Task> Could you give again exactly, and only, the lines from the one holding "子どもだけで留守番をしている" through the end of the data, both ends included, with pictures left out?

Material provided>
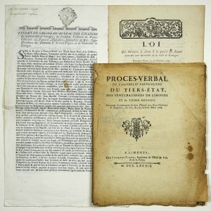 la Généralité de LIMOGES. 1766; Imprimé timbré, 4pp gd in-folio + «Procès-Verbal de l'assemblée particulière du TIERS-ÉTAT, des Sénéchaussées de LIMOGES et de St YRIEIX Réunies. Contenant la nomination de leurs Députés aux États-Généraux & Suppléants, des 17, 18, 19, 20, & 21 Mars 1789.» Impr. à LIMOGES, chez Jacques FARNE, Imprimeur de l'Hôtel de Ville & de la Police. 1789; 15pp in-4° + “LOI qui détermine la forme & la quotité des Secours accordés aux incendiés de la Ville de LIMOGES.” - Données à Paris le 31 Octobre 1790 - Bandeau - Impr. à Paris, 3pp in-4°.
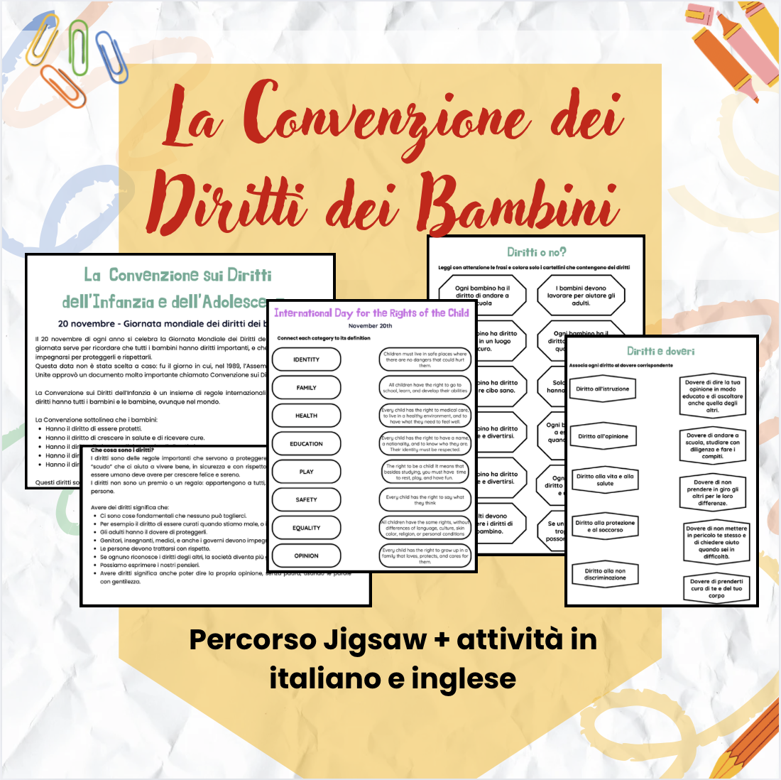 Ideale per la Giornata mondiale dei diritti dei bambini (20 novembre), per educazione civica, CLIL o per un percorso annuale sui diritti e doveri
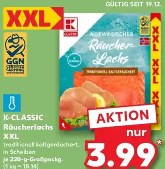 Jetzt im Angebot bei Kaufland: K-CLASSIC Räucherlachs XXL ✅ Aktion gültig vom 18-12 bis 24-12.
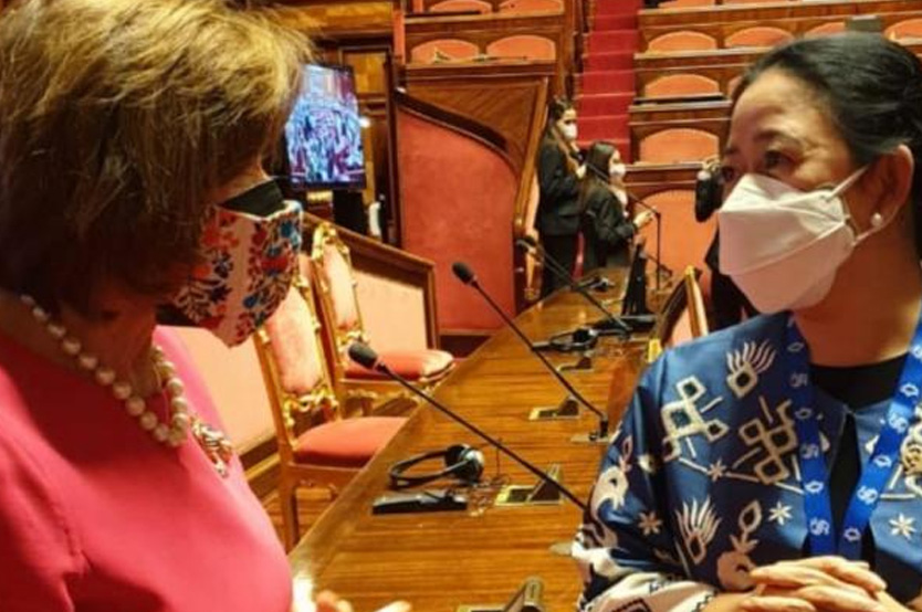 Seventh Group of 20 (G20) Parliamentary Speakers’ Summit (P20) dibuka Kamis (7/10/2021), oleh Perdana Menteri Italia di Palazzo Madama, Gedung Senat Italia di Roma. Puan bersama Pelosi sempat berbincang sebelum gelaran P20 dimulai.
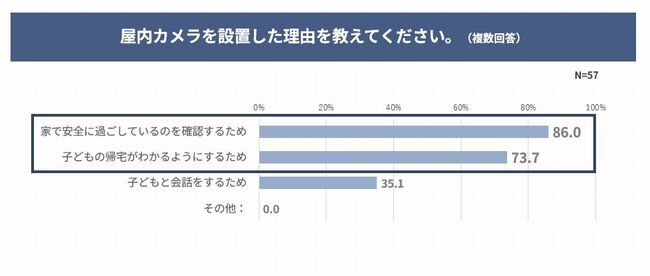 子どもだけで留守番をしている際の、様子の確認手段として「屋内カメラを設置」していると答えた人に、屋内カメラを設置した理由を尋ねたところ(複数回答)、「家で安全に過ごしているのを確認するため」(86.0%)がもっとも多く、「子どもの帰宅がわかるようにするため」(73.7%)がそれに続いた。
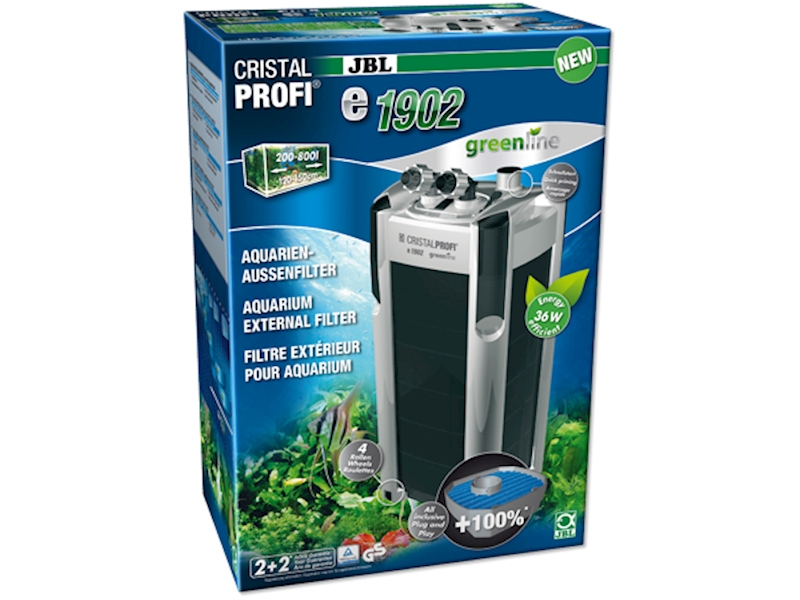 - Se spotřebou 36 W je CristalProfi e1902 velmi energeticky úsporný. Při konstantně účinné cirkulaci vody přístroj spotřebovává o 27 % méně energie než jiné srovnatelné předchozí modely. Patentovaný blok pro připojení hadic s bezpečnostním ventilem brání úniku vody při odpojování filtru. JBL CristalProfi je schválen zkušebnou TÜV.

Solution for this task>
 子どもだけで留守番をしている際の、様子の確認手段として「屋内カメラを設置」していると答えた人に、屋内カメラを設置した理由を尋ねたところ(複数回答)、「家で安全に過ごしているのを確認するため」(86.0%)がもっとも多く、「子どもの帰宅がわかるようにするため」(73.7%)がそれに続いた。
 - Se spotřebou 36 W je CristalProfi e1902 velmi energeticky úsporný. Při konstantně účinné cirkulaci vody přístroj spotřebovává o 27 % méně energie než jiné srovnatelné předchozí modely. Patentovaný blok pro připojení hadic s bezpečnostním ventilem brání úniku vody při odpojování filtru. JBL CristalProfi je schválen zkušebnou TÜV.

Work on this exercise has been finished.